Boltzmann-conserving classical dynamics in quantum time-correlation functions: Matsubara dynamics

TL;DR

This paper introduces Matsubara dynamics, a classical approach derived from quantum mechanics that conserves the quantum Boltzmann distribution and improves accuracy over traditional semiclassical methods in computing quantum time-correlation functions.

Contribution

The authors derive a new classical dynamics method, Matsubara dynamics, by truncating the quantum Liouvillian in a way that preserves the quantum Boltzmann distribution, improving upon standard LSC-IVR.

Findings

Matsubara dynamics conserves the quantum Boltzmann distribution.

It converges better than LSC-IVR with increasing modes.

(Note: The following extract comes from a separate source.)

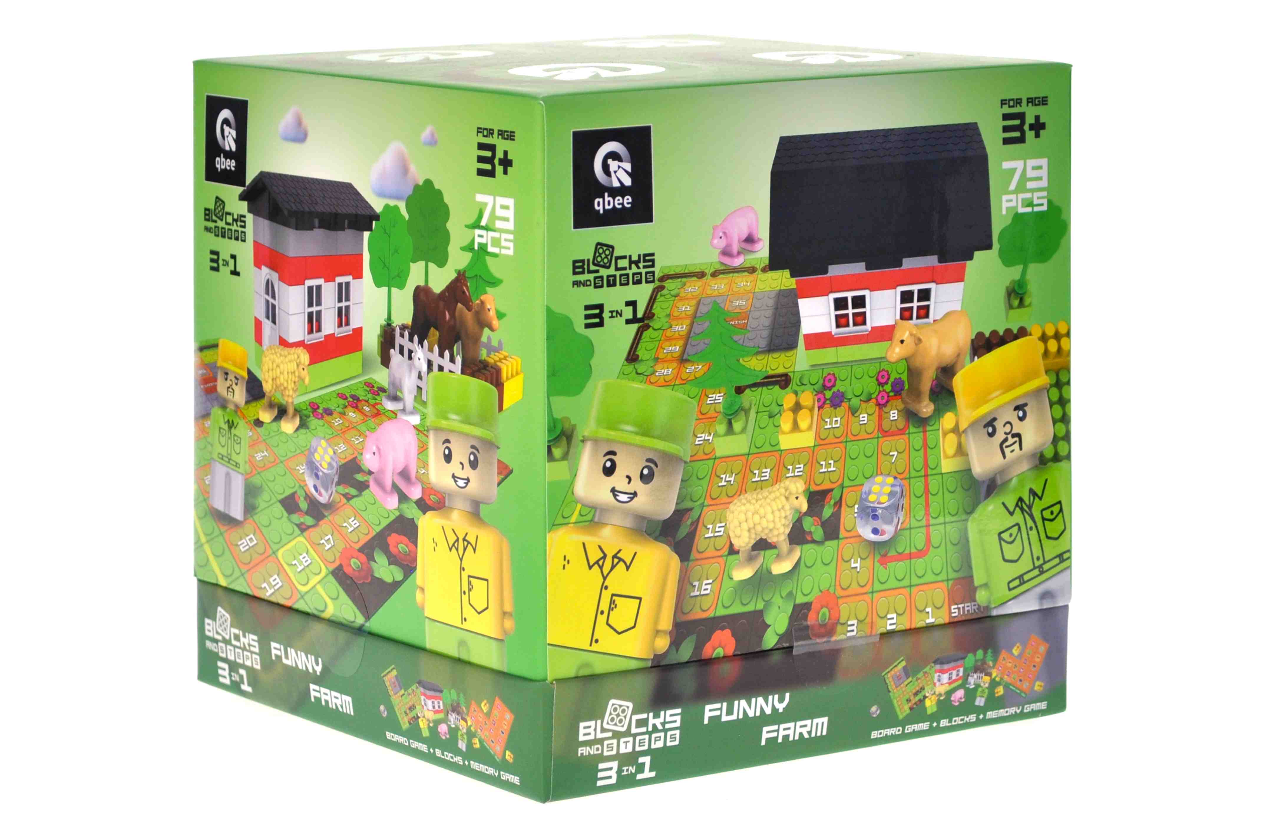 Konstruktor Block&Steps: Wesoła Farma + gra planszowa i gra memory 3 w 1, 79 elementów QB300-005 qbee

Numerical tests show improved agreement with exact quantum results.

Abstract

We show that a single change in the derivation of the linearized semiclassical-initial value representation (LSC-IVR or classical Wigner approximation) results in a classical dynamics which conserves the quantum Boltzmann distribution. We rederive the (standard) LSC-IVR approach by writing the (exact) quantum time-correlation function in terms of the normal modes of a free ring-polymer (i.e. a discrete imaginary-time Feynman path), taking the limit that the number of polymer beads $N \to \infty$, such that the lowest normal-mode frequencies take their Matsubara values. The change we propose is to truncate the quantum Liouvillian, not explicitly in powers of $\hbar^2$ at $\hbar^0$ (which gives back the standard LSC-IVR approximation), but in the normal-mode derivatives corresponding to the lowest Matsubara frequencies. The resulting Matsubara dynamics is inherently classical (since all terms $\mathcal{O}\left(\hbar^{2}\right)$ disappear from the Matsubara Liouvillian in the limit $N \to \infty$), and conserves the quantum Boltzmann distribution because the Matsubara Hamiltonian is symmetric with respect to imaginary-time translation. Numerical tests show that the Matsubara approximation to the quantum time-correlation function converges with respect to the number of modes, and gives better agreement than LSC- IVR with the exact quantum result. Matsubara dynamics is too computationally expensive to be applied to complex systems, but its further approximation may lead to practical methods.